Nordic American Tankers Limited (NAT) publishes its Q4 2012 financial report.
Extracts from the report follow:
In 2012, NAT improved its relative position within the industry despite a weak market. By retaining a strong balance sheet throughout 2012, NAT is able to consider expanding its fleet at a time when tankers are at historically attractive price levels.
Nordic American has one type of vessel only - the Suezmax size tankship which can carry one million barrels of oil. The Suezmax vessel is highly versatile, able to be utilized on most long-haul trade routes. A homogenous fleet streamlines operating and administration costs, which helps keep cash-breakeven point low.

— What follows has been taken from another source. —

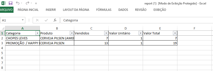 Assim que clicar em “Exportar para XLSX”, um arquivo, conforme a imagem abaixo, será salvo no seu computador com o nome “report”.

As announced last month, NAT is paying a dividend of $0.16 a share for the fourth quarter 2012. Operating cash flow for the fleet was $17.5 million for 2012. During 4Q 2012 the operating cash flow was -$1.1 million. The transportation sector, which is important for the tanker industry, shows a very strong development in the Far East. As an example, new passenger car sales in China increased from 3.9 million units in 2005 to 15.4 million in 2012. This is positive for the tanker industry.

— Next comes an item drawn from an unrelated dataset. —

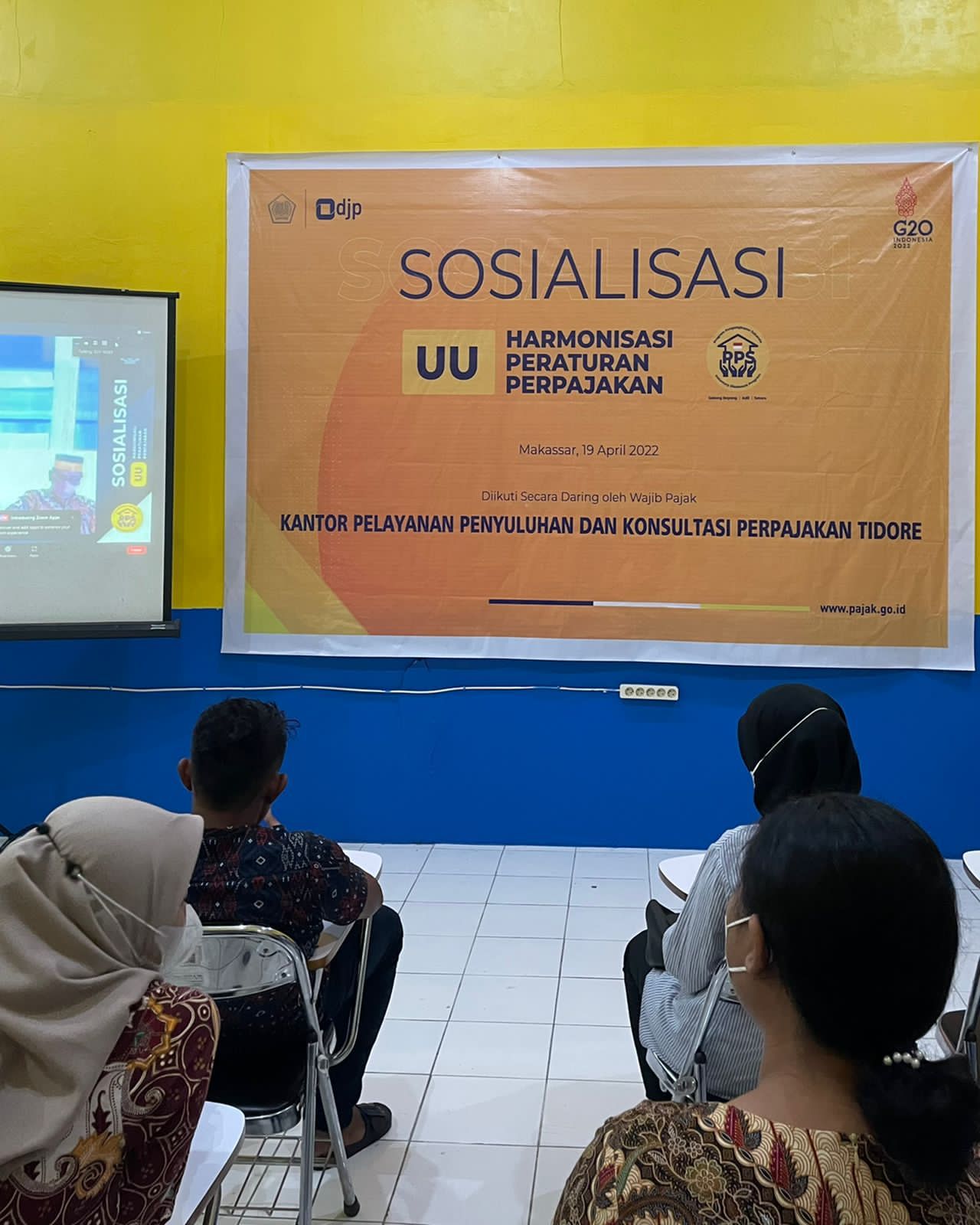 Adapun Kantor Pelayanan, Penyuluhan, dan Konsultasi Perpajakan (KP2KP) Tidore berkesempatan mengadakan sosialisasi Undang-Undang HPP secara daring yang disiarkan langsung oleh Direktorat Jenderal Pajak melalui zoom meeting. Kegiatan sosialisasi tersebut dimulai pada pukul 14.30 WIT sampai dengan pukul 17.30 WIT dan bertempat di aula KP2KP Tidore serta dilaksanakan dengan menerapkan protokol kesehatan. Kali ini KP2KP Tidore turut mengundang beberapa wajib pajak prominen di wilayah Kota Tidore Kepulauan untuk menghadiri sosialisasi Undang-Undang HPP.

NAT achieved an average daily rate of $10,700 during 4Q2012. Rates achieved in the same period last year were around $12,000 per day. When the market turns, which may happen quickly, the dividend can be expected to increase. Our fleet is in excellent technical and operational condition, and NAT has the financial resources to maintain it that way.
As a matter of policy, the Company has always kept a strong balance sheet with low net debt and a focus on limiting the Company's financial risk. This policy will continue. The new non-amortizing credit facility maturing in the autumn of 2017 creates a good base for long term planning.